Scanning the titles of blog posts over the past few weeks, I’ve seen a number of people touting Hillary Clinton for one reason or another. It always seems to boil down to “strategery”–some sort of calculus that states, no matter what we think of her personally, HRC is the Dem who can win. For the most part, I stay out of those discussion. Once you’ve said “No way, no how am I ever going to support her!”, and ticked off the reasons, what is there to say?
But the bottom line is this–no matter how well Hillary does in debates, or how “electable” she is deemed to be, I can’t overlook this unsightly growth she has attached to her candidacy. Not even if she does a complete turnaround and actually apologizes for her Iraq vote. That would be nice, but if she doesn’t have that thing removed, it would be for naught.
“That thing” is James Carville. A trip via the wayback machine to November 2006 reminds us…

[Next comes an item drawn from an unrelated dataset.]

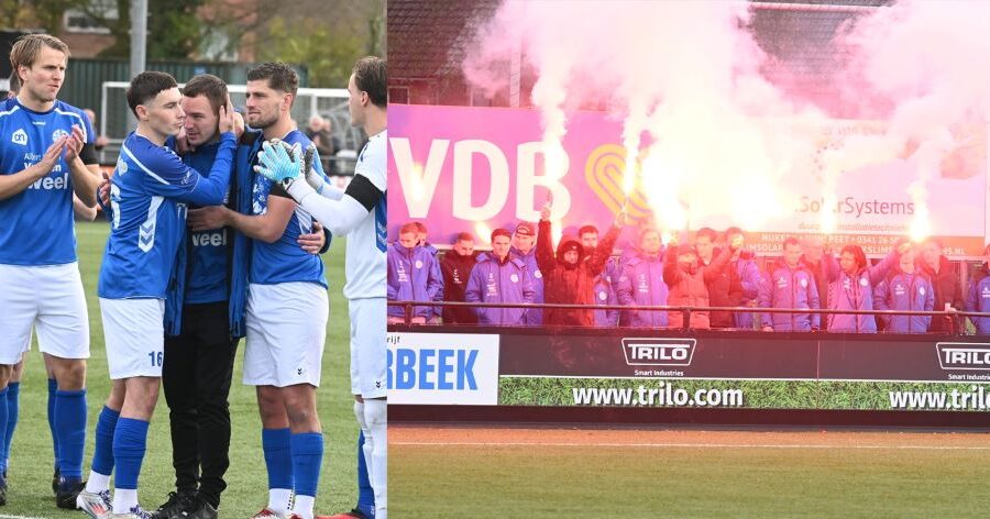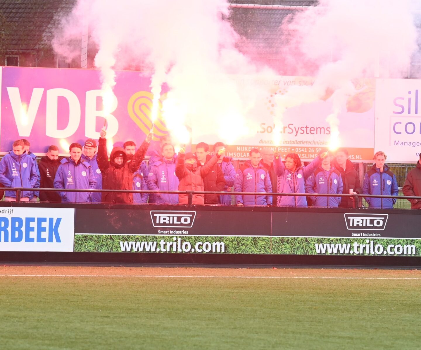 Op zeer indrukwekkende wijze heeft Veensche Boys een eerbetoon gebracht ter nagedachtenis aan het overlijden van Lars Doppenberg, broer van eerste elftalspeler Rik Doppenberg. Er was een minuut stilte en er werden toortsen afgestoken. Met dit moment van bezinning wilde de voetbalvereniging aangeven dat ze met heel haar hart aanwezig is bij het verdriet van de familie Doppenberg. Ook de tegenstander VVOG en het scheidsrechtertrio heeft haar condoleance overgebracht. Foto Kees van den Heuvel

Carville Says Dems Should Dump Dean over “Rumsfeldian” Incompetence
What James Carville refuses to “get”, no matter how hard we might try to (proverbially) shake him, is that this isn’t about Howard Dean, no matter what he might think of Howard as a person. Attack Howard, and you attack all of those who supported him for DNC Chair. Whether or not they liked Howard personally, a lot of Democrats agreed with the 50-state strategy he promised. And they agree with him when he said things like this about the effect the internet has had on politics
It is an extraordinary evolution. An extraordinary evolution. Essentially it means that politicians have to acknowledge something that’s been true for a long time. Which is, power is loaned to us–we don’t own the power, and we need to earn the power every two years.
Does James Carville believe that? I doubt it. I imagine he must live in fear of the day that the majority of Americans actually start to think that way.